The runs from the bottom half of India’s order has been a feature of their recent Test success and here they enjoyed one of their more stellar days. In total the last four wickets added 213 to turn a precarious 204 for 6 into a three-figure advantage and it was the first time their Nos 7, 8 and 9 had scored half-centuries in the same innings.
From a position at the start of the day where England would have hoped for something near parity – a manageable deficit around 50 at worst – by the close it felt as though India had made the definite moves of the series. Joe Root, who had been promoted to open in place of the injured Haseeb Hameed, remained unbeaten on 36 but Ashwin’s dismissal of Ben Stokes in the final over capped a perfect day for India.
Alastair Cook’s stay was tortuous. In the space of four deliveries he survived two close DRS calls. The first was an India review for an appeal given not out against Jadeja which was, eventually after some problems forming the HawkEye graphics, shown to be missing leg. The second was after he had been given lbw to Ashwin only for the review to show the ball pitched outside leg. However, the reprieve was brief as Ashwin worked him over by sliding a straighter delivery between bat and pad.

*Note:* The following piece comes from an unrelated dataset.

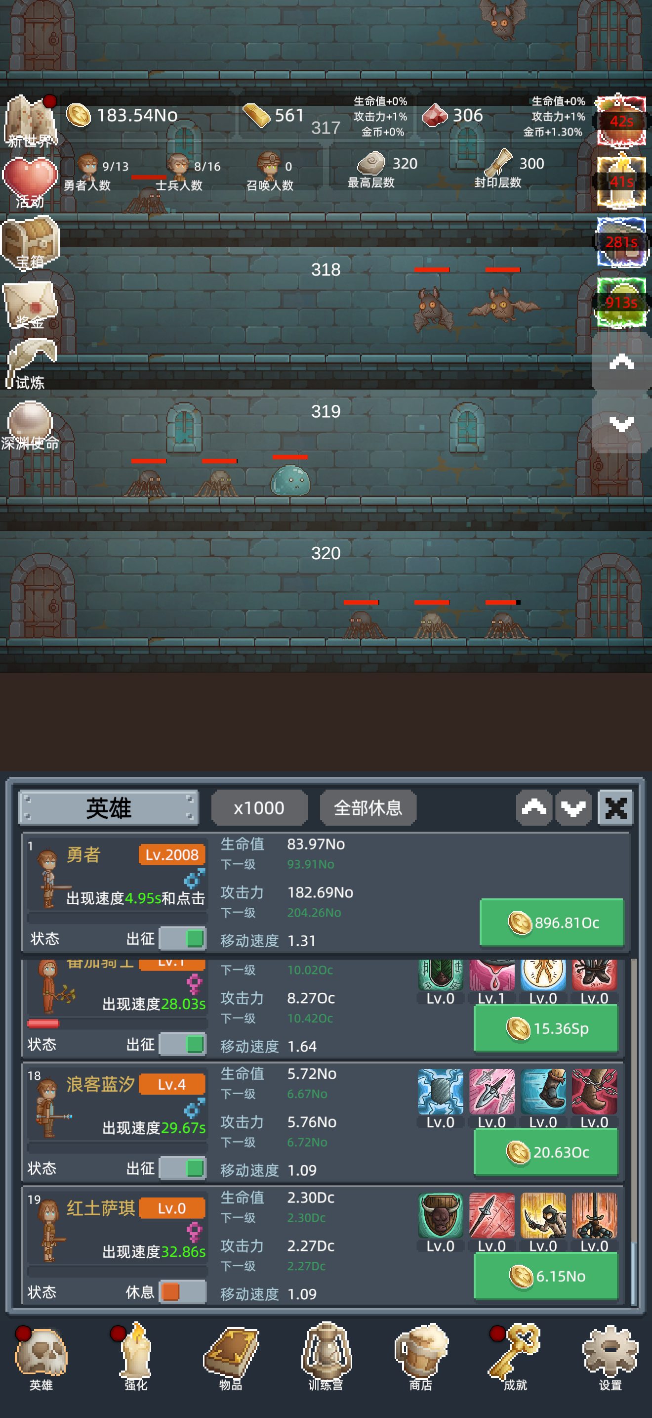 如果卡关了,想冲一下高层的话有三个小技巧。 第一个就是利用时间去堆,不过不要,直接挂机,挂机太慢了,你可以挂个小窗而且可以把游戏重复退出,再进入刷一下宝箱怪。 第二个就是如果玩到后期的话,有些。英雄是升到1000级以后,战力有质的变化的,可以尝试把那些英雄升到1000级。或者等到。能升到2000级的时候,它也会产生质变。 第三个就比较慢了,如果要到高层的话,可能需要自己不断重生,把一些物品的

Moeen Ali batted at No. 3, the only spot in the top nine he had yet to occupy in Tests, and added to the list of England’s inglorious dismissals in the match when he chipped Ashwin to mid-on. It was a lovely piece of deception from the bowler, who defeated Moeen in the flight, but regardless it was a limp chip.
Just as Root and Jonny Bairstow were eyeing the close, the latter fell to a catch that, as a fellow wicketkeeper, he would acknowledge for its skill as Parthiv Patel stayed low to take a ball that skidding through low to graze the outside edge. Virat Kohli then pulled one of his Midas touches when he recalled Ashwin in the dying moments of the session and, with his first delivery, he spun one past Stokes’ edge which took the back pad. It was initially given not out by Chris Gaffaney but, with the seconds ticking down, Kohli reviewed and was justified.
India were 12 behind when play resumed and England made an insipid start to the day. Chris Woakes’ opening delivery was a leg-stump half volley which Ashwin clipped to the boundary and Moeen was oddly given two exploratory overs ahead of either James Anderson or Stokes.
Until Jadeja picked out long-on when he tried to up the tempo after tea it had been an innings largely out of character to how he is perceived as a batsman. In terms of balls faced it was the seventh-longest innings of his first-class career and one of his most significant in Tests. Even when he departed the end did not come swiftly for England as Jayant, who played with barely an alarm, ticked over to a 134-ball fifty.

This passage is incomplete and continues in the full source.